We dispersed again after a couple hours; my brother followed me and my mother back to our house. He went sans daughter, who went off with my birthday-girl Shelly to my sister's house to practice a design for a tattoo Shelly wants on her ankle and foot. Daughter's thinking of underwriting the cost by giving each member of my generation (five of us, plus two spouses) and hers (five more for now, not counting her) the opportunity to buy a color for part of the design – e.g., ten or twenty dollars would allow you to color a star, or the crescent moon. 

My brother says he wants a tattoo on the back of his neck to look like a wall socket, and possibly also a bar code. Our mother's modesty was shocked at this suggestion. "You don't want to do something you're going to regret when you're eighty!" 

"But I want something to regret!" my brother countered. 

Before he left, he told us a joke, after assessing whether we'd be offended. Oh, it's irreverent, but we didn't find it offensive at the least – after thoroughly berating him earlier for even suggesting we sometime see "The Last Temptation of Christ". That is offensive. 

His joke wasn't, though… but I've still edited it for the, uh, masses: 

An old, devout Catholic widower brings his new, little-old-lady widow-friend – who's even older, nearsighted, and has never been in a Catholic church – to Mass one Sunday. It turns out that this is one of the holiest feast days of the year, so there a grand procession of altarboys and -girls carrying the lectionary, a huge crozier, and many tall, blazing candles. The priests are in the middle of the procession, all decked up in resplendent robes of gold and violet. And the bishop who is to lead the Mass is walking with a censer, swinging it back and forth to fill the grand interior of the church with great clouds of rich incense as the procession makes its way up to the altar. 
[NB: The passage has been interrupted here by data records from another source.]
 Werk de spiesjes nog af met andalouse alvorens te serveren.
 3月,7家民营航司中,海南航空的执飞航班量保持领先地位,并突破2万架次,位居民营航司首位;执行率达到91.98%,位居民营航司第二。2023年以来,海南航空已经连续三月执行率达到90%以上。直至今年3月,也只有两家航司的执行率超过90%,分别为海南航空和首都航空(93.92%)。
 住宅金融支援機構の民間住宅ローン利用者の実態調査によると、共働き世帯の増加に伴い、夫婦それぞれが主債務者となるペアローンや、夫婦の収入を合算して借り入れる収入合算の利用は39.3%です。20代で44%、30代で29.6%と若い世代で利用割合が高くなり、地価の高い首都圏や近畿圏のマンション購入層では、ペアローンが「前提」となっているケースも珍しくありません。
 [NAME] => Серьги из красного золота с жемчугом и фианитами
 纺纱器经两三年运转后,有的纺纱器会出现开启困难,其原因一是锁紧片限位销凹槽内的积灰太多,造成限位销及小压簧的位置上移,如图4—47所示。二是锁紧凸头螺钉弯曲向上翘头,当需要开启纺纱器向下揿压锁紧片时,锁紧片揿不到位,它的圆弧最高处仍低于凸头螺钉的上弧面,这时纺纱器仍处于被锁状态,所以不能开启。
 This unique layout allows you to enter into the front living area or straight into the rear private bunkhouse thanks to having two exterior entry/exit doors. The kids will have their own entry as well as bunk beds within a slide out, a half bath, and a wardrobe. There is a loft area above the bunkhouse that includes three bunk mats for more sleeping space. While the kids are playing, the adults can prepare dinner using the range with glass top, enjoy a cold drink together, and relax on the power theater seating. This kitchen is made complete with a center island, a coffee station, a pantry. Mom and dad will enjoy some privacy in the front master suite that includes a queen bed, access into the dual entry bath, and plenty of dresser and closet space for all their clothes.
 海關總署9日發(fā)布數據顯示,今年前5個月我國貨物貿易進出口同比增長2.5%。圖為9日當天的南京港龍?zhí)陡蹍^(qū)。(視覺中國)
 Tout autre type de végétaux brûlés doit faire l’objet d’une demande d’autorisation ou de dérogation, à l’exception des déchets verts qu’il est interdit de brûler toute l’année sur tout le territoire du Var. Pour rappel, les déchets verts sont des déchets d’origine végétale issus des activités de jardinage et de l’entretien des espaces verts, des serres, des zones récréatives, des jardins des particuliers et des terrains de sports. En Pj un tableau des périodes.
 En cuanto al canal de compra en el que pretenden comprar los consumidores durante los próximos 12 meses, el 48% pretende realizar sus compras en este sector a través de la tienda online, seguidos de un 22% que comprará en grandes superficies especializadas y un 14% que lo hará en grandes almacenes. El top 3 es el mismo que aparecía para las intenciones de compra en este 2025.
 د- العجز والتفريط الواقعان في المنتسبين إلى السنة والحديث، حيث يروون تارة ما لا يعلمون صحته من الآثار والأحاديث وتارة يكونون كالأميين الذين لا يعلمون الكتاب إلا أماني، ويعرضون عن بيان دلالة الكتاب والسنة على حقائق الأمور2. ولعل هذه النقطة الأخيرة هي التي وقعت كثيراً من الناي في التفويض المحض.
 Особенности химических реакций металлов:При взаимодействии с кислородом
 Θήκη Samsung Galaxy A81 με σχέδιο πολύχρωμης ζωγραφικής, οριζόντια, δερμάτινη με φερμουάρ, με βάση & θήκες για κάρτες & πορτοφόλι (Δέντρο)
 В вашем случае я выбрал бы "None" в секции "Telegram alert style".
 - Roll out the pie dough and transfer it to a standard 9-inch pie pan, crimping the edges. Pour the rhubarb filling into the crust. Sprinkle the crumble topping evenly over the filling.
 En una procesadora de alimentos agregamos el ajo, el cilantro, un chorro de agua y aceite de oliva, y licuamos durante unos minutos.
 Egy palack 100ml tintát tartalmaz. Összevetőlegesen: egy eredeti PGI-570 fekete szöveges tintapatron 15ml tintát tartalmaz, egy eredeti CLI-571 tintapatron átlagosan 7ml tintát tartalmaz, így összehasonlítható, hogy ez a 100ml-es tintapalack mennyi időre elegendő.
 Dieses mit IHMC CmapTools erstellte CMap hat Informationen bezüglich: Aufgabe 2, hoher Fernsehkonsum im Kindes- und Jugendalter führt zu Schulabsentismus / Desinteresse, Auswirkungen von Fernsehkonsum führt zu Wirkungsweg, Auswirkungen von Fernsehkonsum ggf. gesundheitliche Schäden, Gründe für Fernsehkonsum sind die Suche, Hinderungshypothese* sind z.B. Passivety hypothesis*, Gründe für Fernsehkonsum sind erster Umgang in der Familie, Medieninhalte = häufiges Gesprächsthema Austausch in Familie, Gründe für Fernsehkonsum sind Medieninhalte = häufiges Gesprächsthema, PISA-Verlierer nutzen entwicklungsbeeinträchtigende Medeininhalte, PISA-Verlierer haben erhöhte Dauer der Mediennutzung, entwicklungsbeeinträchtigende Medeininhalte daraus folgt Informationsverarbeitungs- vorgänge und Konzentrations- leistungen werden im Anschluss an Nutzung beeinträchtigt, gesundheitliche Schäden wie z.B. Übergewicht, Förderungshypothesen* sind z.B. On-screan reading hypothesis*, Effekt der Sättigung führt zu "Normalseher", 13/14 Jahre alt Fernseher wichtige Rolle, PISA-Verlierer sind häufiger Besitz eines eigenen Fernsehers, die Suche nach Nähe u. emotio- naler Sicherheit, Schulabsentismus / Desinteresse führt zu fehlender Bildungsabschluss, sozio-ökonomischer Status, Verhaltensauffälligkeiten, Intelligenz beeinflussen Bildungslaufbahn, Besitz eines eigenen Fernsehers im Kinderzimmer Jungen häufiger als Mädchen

The little old lady has been delighted and transfixed by the decorations, the paintings and statues, the gold, the organ music, and the thunder of voices singing together. She's standing at the end of her pew, right at the aisle, so she's able now to lightly grab the bishop by his beautifully embroidered robe. "Look, dear", she says softly, "that's a lovely frock – but your purse is on fire!"